Kimileri ‘kirli’ ellerini yine seçim sahnesine uzattı ve gündemi bombalamaya çalıştı. Ancak patlayan bomba cürmü kadar yer ya yaktı, ya yakmadı!
**
Bazı siyasi partilerin seçim sloganlarında sürekli değişiklik göze çarptı.
CTP’nin “1 Parti var” konsepti baştan sona korurken, örneğin kampanyaya “Davana Sahip Çık” diye başlayan UBP, arada başka sloganlara yöneldikten sonra bilboardlarda parmak işareti yapan insan figürleri eşliğinde “Tamam” iletisi ile bitirdi.
DP ve TDP de çok sık görsel ve slogan değiştirirken, BKP de CTP gibi başladığı sloganı sonuna kadar taşıdı.
Seçim sloganlarının kampanyada değişmesi normaldir. Ancak bu bir konseptin içinde ve planlanarak yapılmamışsa, çok farklı yönelimler içine girilmişse bunun iki anlamı var: Ya profesyonel bir çaışma yapılmadı ya da panik var!
Hele bir de kampanyanın orta yerinde ‘saç boyama’ gibi magazinsel işlere başvurulmuşsa orada ciddi bir panikleme yaşandığını tahmin etmek zor değil.
**
28 Temmuz erken seçimlerinin diğer seçimlere göre belli başlı farklılıkları da dikkat çekiciydi.
Mesela kamuoyu yoklamalarının en kesat olduğu seçimi yaşıyoruz. Sadece CTP’nin Red Border’a yaptırdığı araştırmanın sonuçları açıklandı. Diğer partiler hiç sonuç açıklamadı. Medya da anket yaptırmadı, yayınlamadı.
Seçim kampanyası boyunca, özellikle de ilk iki buçuk hafta sokakta bariz bir CTP hakimiyeti vardı. Bu durum birçok yerde, özellikle kırsalda hala devam ediyor.

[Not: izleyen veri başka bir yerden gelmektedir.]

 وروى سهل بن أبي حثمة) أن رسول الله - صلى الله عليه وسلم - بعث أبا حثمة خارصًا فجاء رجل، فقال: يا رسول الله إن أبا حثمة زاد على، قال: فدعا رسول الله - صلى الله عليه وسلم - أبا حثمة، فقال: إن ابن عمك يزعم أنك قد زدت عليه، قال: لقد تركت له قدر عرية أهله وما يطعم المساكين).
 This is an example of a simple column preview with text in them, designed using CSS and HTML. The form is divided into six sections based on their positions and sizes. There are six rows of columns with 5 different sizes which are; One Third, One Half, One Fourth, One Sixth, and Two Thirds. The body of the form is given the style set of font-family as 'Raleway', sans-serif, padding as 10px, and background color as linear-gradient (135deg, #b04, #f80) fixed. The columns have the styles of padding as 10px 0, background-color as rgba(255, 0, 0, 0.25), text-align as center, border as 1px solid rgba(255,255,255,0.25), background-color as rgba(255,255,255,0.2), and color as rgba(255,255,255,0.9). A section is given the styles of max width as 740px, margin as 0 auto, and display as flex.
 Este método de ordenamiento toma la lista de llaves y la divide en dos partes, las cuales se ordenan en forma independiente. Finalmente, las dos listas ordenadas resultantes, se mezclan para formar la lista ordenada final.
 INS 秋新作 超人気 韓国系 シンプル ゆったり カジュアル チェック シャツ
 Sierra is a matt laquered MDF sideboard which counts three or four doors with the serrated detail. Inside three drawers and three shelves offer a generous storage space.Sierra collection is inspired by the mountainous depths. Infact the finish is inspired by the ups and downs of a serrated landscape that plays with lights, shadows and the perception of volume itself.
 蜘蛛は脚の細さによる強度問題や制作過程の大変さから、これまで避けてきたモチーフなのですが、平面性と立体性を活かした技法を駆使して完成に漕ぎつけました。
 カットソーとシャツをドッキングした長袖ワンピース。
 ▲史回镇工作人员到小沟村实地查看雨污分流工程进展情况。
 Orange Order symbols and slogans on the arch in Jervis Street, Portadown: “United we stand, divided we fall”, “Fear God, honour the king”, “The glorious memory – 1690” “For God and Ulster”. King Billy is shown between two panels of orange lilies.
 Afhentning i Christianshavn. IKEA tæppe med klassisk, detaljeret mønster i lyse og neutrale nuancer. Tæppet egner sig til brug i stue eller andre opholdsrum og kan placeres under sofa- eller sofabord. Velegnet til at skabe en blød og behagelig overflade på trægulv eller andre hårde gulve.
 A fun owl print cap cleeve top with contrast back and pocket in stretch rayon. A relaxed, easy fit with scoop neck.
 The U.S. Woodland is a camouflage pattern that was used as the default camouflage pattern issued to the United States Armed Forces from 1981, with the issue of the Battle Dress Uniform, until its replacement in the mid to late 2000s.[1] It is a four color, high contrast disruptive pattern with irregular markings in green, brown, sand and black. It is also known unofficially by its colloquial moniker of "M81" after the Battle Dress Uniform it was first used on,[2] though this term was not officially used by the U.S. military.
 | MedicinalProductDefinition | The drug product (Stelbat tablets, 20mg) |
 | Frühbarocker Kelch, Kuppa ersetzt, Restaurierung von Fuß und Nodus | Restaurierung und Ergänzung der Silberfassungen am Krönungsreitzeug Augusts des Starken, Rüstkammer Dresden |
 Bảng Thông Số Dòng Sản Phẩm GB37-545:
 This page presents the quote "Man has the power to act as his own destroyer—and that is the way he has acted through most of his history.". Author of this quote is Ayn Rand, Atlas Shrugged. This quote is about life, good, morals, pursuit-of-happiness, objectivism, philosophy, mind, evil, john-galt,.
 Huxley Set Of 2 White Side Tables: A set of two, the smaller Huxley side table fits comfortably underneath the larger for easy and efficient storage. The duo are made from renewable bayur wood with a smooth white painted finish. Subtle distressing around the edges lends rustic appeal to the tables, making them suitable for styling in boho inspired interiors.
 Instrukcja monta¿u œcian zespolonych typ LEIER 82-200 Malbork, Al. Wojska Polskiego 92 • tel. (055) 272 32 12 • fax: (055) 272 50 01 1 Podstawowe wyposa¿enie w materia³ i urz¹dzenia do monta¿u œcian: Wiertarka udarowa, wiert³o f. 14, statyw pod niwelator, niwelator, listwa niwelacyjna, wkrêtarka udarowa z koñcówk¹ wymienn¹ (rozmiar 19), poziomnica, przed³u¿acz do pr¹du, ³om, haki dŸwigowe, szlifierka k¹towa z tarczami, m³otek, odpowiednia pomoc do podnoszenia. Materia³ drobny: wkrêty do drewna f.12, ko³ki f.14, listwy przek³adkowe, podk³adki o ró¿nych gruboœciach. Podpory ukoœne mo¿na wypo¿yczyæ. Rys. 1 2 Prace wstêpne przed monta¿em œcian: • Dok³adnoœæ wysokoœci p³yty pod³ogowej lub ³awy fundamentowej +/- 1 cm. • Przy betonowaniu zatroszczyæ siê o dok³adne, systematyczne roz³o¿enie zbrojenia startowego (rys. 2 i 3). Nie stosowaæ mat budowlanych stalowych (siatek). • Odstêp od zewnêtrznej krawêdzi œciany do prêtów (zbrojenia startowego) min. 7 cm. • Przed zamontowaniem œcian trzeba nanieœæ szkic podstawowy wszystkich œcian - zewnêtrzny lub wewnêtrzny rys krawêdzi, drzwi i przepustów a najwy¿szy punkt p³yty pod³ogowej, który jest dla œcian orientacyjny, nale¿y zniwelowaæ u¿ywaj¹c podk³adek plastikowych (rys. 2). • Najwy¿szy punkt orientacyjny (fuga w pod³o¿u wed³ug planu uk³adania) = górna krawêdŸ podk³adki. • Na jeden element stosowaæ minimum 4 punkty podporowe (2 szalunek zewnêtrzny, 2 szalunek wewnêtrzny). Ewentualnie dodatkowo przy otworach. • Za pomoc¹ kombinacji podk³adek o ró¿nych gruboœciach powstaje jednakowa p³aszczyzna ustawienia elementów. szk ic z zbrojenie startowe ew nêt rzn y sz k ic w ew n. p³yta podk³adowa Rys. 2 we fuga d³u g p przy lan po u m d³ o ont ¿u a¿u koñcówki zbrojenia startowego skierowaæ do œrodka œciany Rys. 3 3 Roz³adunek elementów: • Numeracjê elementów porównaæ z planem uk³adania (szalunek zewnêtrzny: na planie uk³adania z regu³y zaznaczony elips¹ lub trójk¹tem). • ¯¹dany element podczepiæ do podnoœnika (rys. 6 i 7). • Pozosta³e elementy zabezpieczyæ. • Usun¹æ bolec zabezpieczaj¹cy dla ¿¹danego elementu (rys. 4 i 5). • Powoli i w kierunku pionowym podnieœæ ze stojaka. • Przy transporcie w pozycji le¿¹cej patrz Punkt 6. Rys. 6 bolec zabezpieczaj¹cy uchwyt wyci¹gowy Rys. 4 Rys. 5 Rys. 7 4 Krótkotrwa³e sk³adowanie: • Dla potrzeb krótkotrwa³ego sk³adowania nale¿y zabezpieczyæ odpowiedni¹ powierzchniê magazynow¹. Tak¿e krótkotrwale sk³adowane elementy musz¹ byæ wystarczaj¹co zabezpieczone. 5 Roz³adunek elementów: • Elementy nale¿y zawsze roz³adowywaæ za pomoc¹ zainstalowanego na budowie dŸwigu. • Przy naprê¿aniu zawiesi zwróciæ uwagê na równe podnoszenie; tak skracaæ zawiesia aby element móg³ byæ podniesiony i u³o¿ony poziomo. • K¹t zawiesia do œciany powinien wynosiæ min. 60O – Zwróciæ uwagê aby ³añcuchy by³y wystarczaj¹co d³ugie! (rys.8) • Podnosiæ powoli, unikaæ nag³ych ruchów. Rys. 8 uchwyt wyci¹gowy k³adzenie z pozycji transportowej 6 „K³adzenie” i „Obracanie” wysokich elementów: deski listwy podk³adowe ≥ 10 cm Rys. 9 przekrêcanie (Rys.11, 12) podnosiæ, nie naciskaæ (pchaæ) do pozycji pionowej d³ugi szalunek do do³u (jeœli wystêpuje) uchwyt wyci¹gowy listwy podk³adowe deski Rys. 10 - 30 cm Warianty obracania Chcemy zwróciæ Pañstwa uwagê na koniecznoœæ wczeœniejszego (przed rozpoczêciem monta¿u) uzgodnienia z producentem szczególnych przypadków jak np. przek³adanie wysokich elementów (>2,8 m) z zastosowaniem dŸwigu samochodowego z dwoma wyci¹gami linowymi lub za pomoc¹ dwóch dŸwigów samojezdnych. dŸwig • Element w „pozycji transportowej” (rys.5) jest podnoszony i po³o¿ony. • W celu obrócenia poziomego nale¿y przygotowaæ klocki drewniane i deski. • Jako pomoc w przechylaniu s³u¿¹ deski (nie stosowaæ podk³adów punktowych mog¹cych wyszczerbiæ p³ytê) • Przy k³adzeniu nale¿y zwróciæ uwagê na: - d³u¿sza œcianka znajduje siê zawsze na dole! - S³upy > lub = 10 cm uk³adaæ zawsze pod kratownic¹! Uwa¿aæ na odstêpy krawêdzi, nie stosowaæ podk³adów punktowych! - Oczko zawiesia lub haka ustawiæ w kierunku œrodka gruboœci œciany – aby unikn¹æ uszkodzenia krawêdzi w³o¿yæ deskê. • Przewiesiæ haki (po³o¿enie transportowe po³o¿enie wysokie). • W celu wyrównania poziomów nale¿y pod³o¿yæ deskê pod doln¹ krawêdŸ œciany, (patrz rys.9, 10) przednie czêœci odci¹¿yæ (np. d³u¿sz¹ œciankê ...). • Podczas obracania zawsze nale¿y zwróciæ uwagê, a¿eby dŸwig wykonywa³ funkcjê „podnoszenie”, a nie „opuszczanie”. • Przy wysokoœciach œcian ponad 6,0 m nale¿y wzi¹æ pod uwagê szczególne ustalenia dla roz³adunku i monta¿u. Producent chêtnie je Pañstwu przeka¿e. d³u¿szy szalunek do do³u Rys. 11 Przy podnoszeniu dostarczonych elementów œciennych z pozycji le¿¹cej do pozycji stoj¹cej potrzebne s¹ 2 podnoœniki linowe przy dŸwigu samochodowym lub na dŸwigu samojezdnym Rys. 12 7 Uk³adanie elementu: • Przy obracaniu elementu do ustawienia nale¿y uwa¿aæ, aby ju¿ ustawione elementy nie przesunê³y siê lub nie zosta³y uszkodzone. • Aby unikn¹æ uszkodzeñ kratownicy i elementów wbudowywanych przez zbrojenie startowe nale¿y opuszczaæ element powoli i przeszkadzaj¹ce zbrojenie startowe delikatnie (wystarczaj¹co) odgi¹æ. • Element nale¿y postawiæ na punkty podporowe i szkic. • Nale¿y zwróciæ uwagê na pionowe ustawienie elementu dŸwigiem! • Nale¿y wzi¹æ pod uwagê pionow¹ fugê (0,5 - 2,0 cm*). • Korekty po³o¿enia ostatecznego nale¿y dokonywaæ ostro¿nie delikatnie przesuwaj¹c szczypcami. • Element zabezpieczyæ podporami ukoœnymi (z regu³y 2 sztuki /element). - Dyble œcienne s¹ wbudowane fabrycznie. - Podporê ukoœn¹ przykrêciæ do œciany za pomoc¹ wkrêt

Ancak UBP’nin de son bir buçuk hafta biraz daha görünür olduğunu söylemek mümkün.
Seçimlerle ilgili çok not var, ancak “bazı parti başkanlarının sandıkta kalacağı” yönündeki tahminlerin yaygınlığı da son derece ilginç yönlerden biri...
Kimine göre üç partinin başkanlarının milletvekili seçilmeme olasılığı var!
Bu tahmin tutacak mı bilinmez, ancak hangi parti olursa olsun, genel başkanı seçimi kaybeden partiyi 29 Temmuz’dan itibaren çok hızlı bir ‘olağanüstü kurultay’ süreci bekliyor olacak.
Yani siyasetteki sıcak günler hava sıcaklığının 40 küsur derecelerde dolandığı Temmuz’un sonunda bitmeyecek.
Bir yanda ‘yeni hükümet’ oluşumu, öte yanda ‘yaralı partiler’in içe dönük gündemleri ile hem siyasetçiler, hem de basın mensupları daha epey ter dökecek gibi görünüyor.